Restate all data exactly. No images.

###

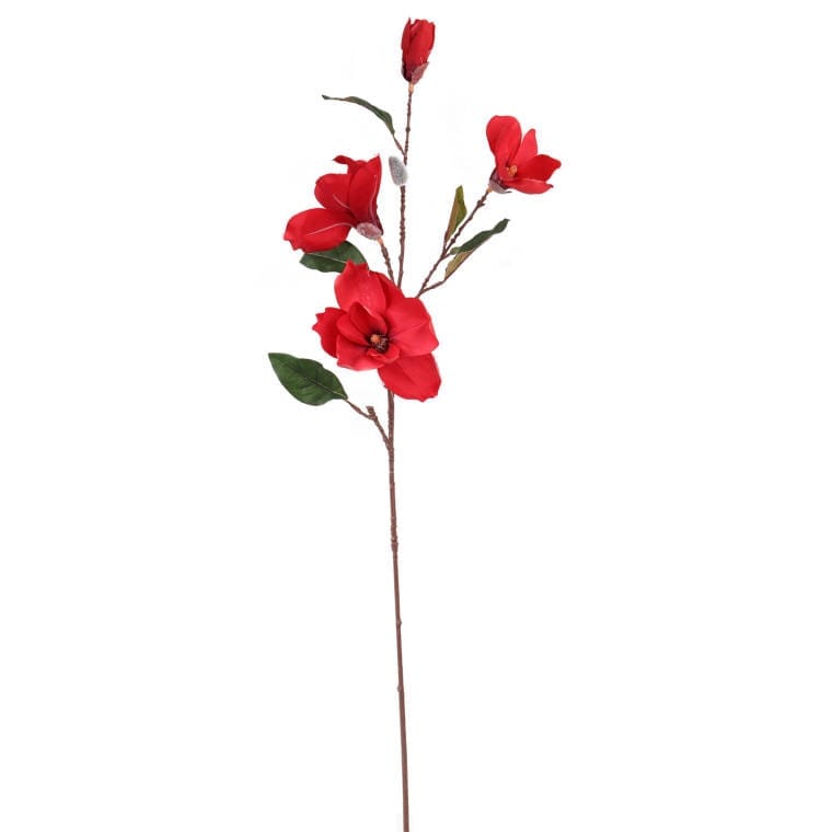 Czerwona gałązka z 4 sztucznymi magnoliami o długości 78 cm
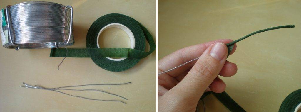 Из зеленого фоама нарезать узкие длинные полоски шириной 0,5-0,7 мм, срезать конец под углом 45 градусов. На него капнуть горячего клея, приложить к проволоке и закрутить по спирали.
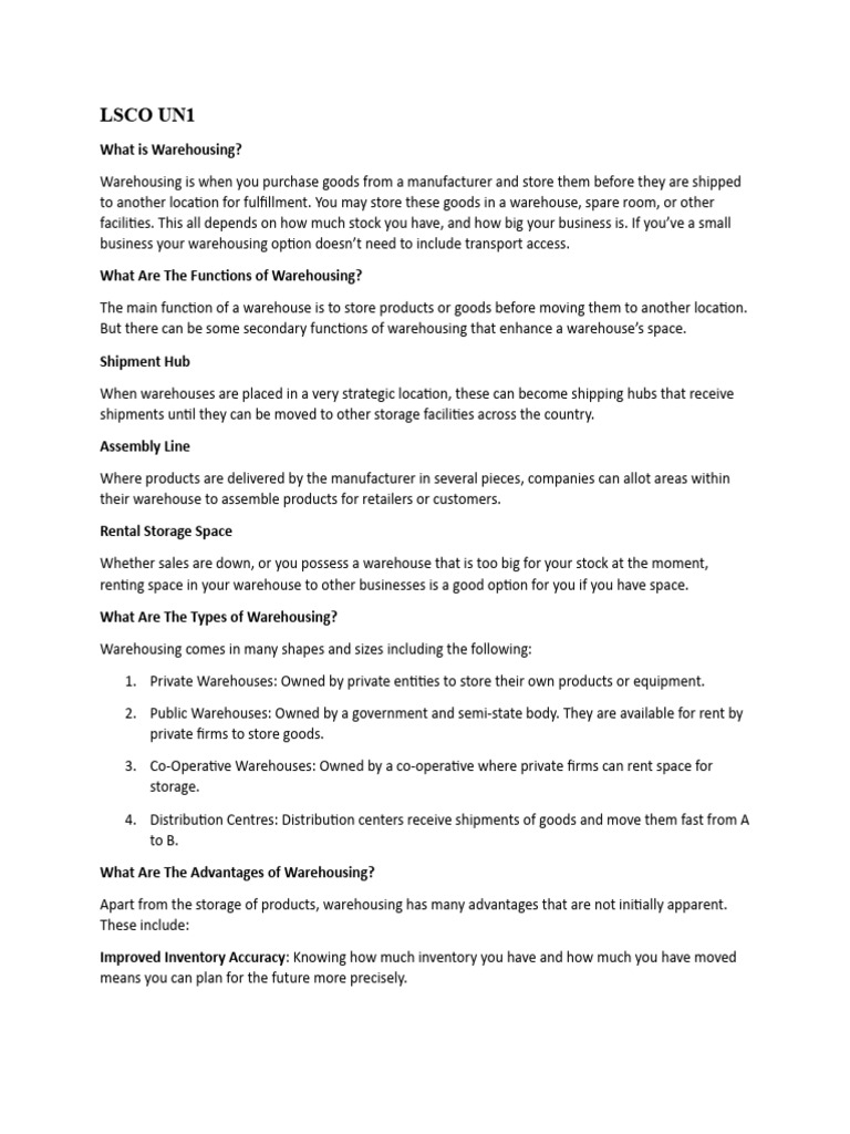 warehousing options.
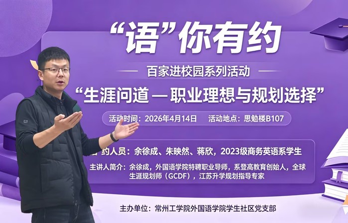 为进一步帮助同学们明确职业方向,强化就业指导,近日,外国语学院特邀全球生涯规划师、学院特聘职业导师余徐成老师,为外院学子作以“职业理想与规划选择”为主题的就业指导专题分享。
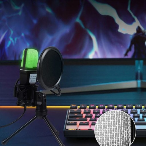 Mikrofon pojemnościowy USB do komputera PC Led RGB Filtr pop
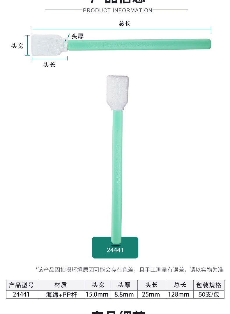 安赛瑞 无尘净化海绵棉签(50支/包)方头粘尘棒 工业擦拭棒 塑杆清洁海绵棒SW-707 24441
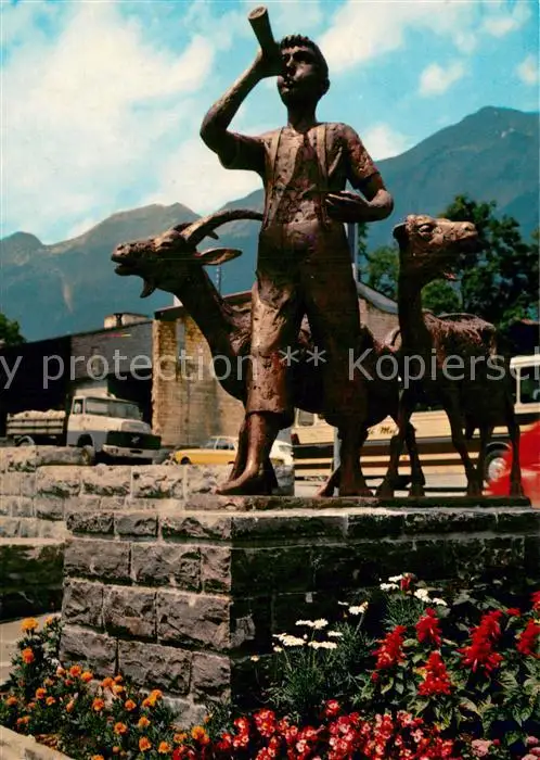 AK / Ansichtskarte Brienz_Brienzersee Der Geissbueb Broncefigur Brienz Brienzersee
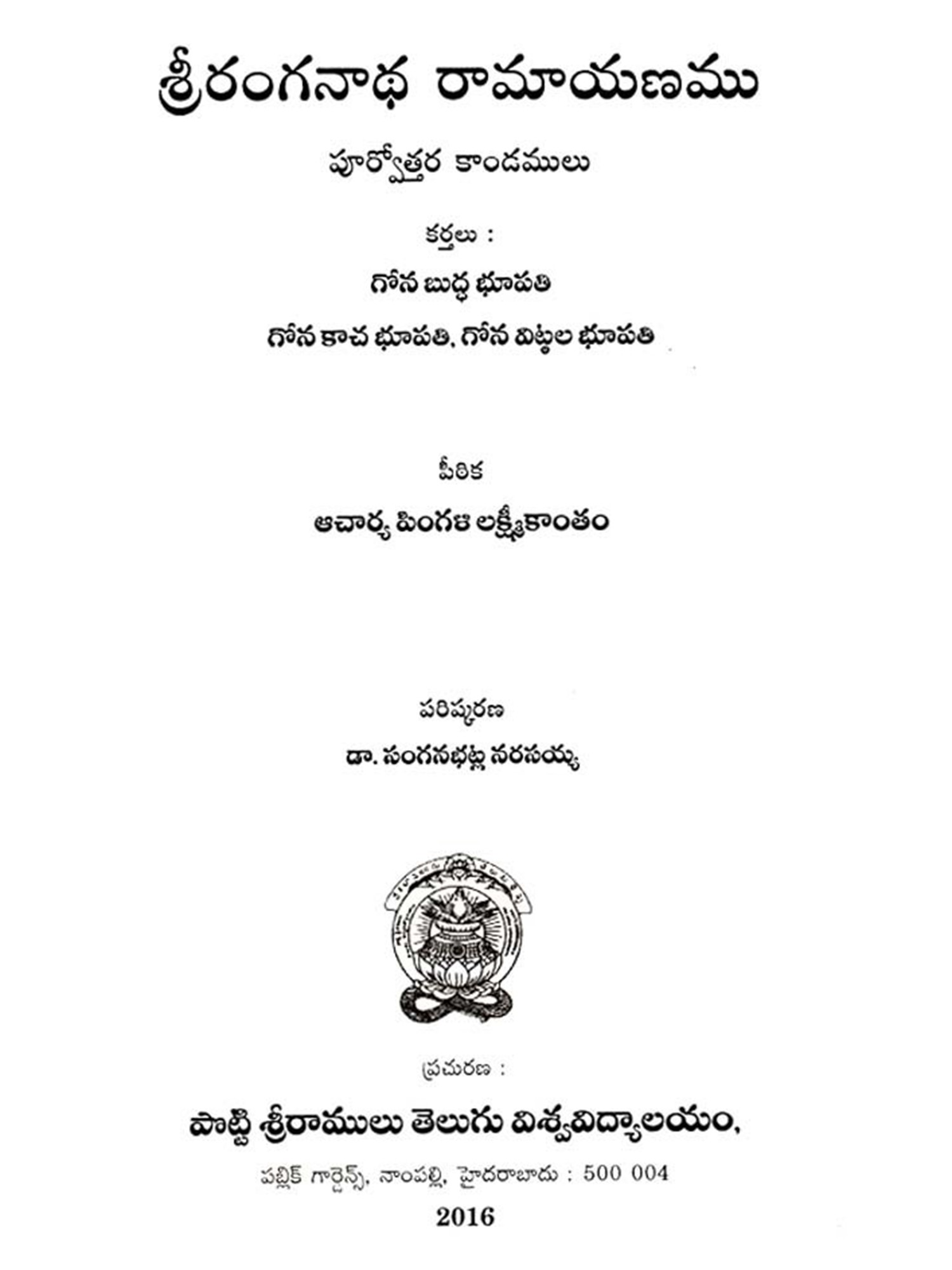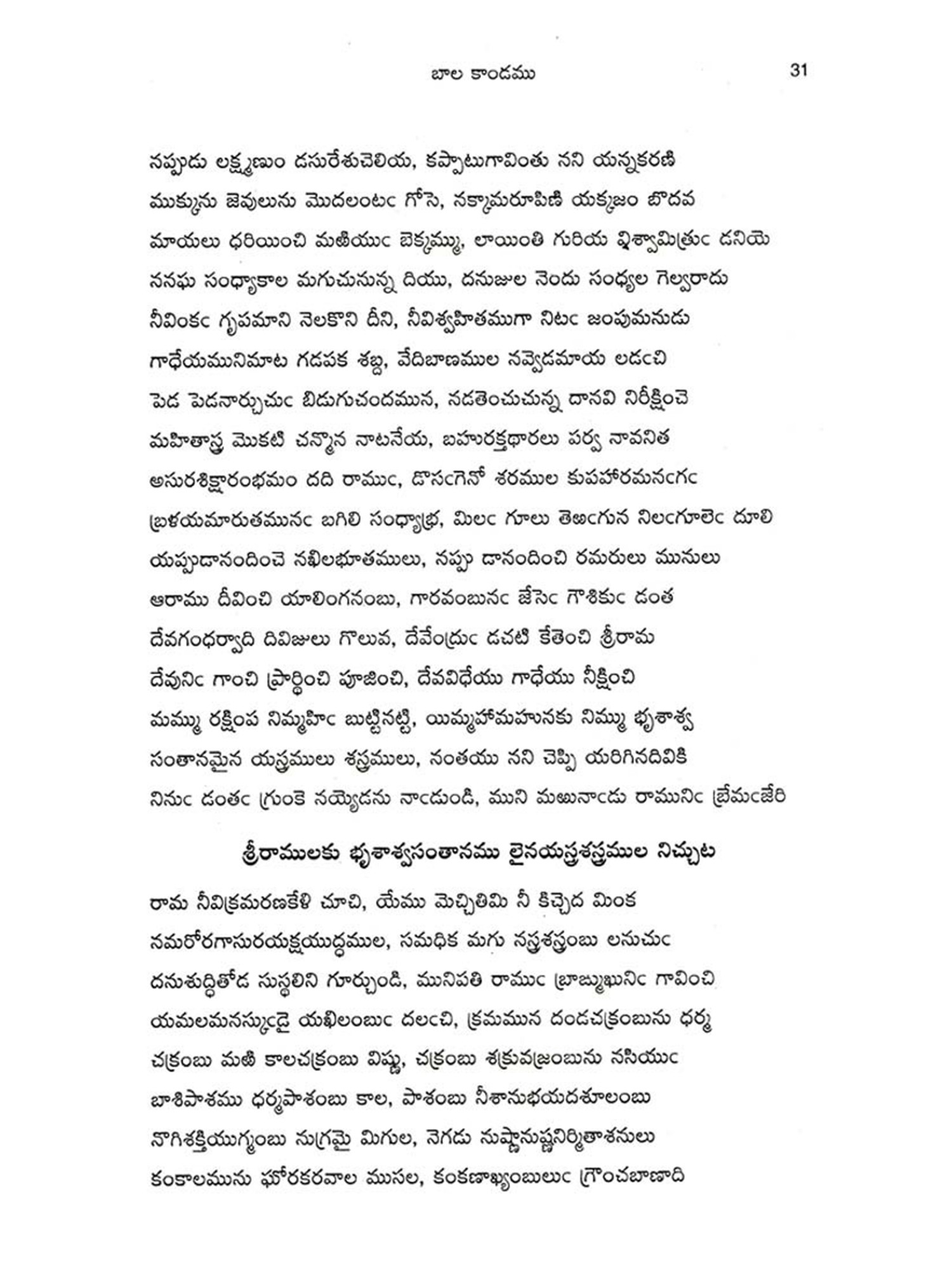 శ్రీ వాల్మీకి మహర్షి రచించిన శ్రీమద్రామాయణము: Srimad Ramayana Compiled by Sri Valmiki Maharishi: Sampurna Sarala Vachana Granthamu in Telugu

###

Task result>
 Czerwona gałązka z 4 sztucznymi magnoliami o długości 78 cm
 Из зеленого фоама нарезать узкие длинные полоски шириной 0,5-0,7 мм, срезать конец под углом 45 градусов. На него капнуть горячего клея, приложить к проволоке и закрутить по спирали.
 warehousing options.
 为进一步帮助同学们明确职业方向,强化就业指导,近日,外国语学院特邀全球生涯规划师、学院特聘职业导师余徐成老师,为外院学子作以“职业理想与规划选择”为主题的就业指导专题分享。
 Mikrofon pojemnościowy USB do komputera PC Led RGB Filtr pop
 安赛瑞 无尘净化海绵棉签(50支/包)方头粘尘棒 工业擦拭棒 塑杆清洁海绵棒SW-707 24441
 AK / Ansichtskarte Brienz_Brienzersee Der Geissbueb Broncefigur Brienz Brienzersee
 శ్రీ వాల్మీకి మహర్షి రచించిన శ్రీమద్రామాయణము: Srimad Ramayana Compiled by Sri Valmiki Maharishi: Sampurna Sarala Vachana Granthamu in Telugu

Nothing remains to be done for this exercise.